Non-interactive behavior​

By default, quickadd and quickadd:run are non-interactive. If QuickAdd detects missing inputs, it returns a JSON payload with missing fields and missingFlags suggestions instead of opening prompts.

Pass a returned missingFlags entry back exactly as shown. Some generated flags fill internal runtime selections, such as a preselected capture target file.

Use ui to allow interactive prompts:

obsidian vault=dev quickadd choice="Daily log" ui

Interactive runs (quickadd:interactive)​

Some choices prompt at run time for inputs that can't be collected up front - a macro's quickAddApi.suggester over data it just fetched, an inputPrompt, yesNoPrompt, checkboxPrompt, and so on. quickadd:interactive runs a choice and forwards those prompts to you over a local HTTP bridge so an external front end (Raycast, a script) can render them and answer, instead of the prompts opening in Obsidian.

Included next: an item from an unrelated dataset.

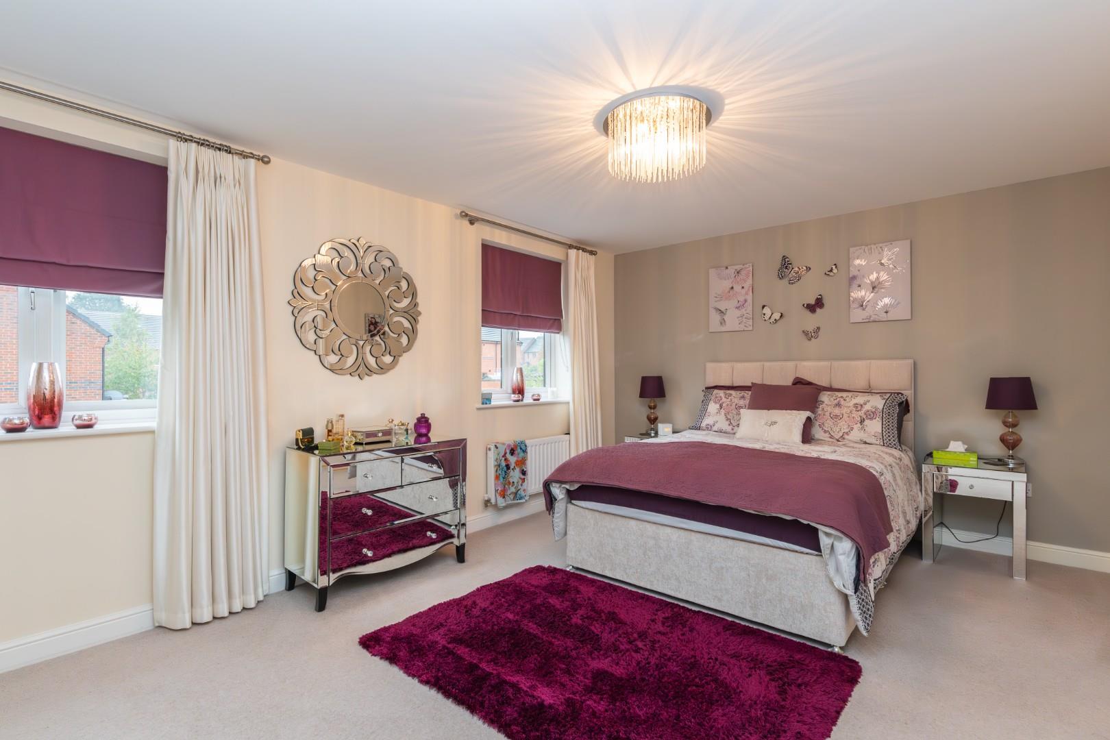 This beautifully presented and generous master bedroom benefits from a range of three double fronted built in storage wardrobes providing a mixture of hanging and shelving storage space. In addition there are two large double glazed windows to the rear elevation giving fantastic elevated views over the stunning rear garden with a paneled door leading into :-

obsidian vault=dev quickadd:interactive choice="Import from Readwise"
# -> {"ok":true,"host":"127.0.0.1","port":51789,"sessionId":"…","token":"…"}

The command returns connection details immediately and runs the choice in the background. Attach to the session and drive it:

  • GET http://127.0.0.1:<port>/poll?session=<id>&token=<token> - long-polls for the next event: {"kind":"prompt","requestId":…,"prompt":{…}}, {"kind":"done","result":…}, {"kind":"error","error":…}, or a periodic {"kind":"idle"} keepalive (just poll again).
  • POST http://127.0.0.1:<port>/reply?session=<id>&token=<token> with body {"requestId":…,"value":…} to answer, or {"requestId":…,"cancelled":true} to cancel (which aborts the run).

Prompt types and the value you reply with: suggester/input/date → string, confirm → boolean, checkbox → string array, info → acknowledgement, form → an object mapping each field's id to its string value (date fields use the @date:ISO format). The run's outcome arrives as the done/error poll event.

Notes:

  • Desktop only. The bridge binds to 127.0.0.1, is gated by the per-session token, rejects browser (Origin/Referer) and non-loopback Host requests, and the server is ephemeral - it starts on the first session and stops when the last one ends.
  • Concurrency. Each run gets its own sessionId + token; many can run at once without interfering.
  • If no client attaches within ~30s the run is aborted so a prompt can't hang forever.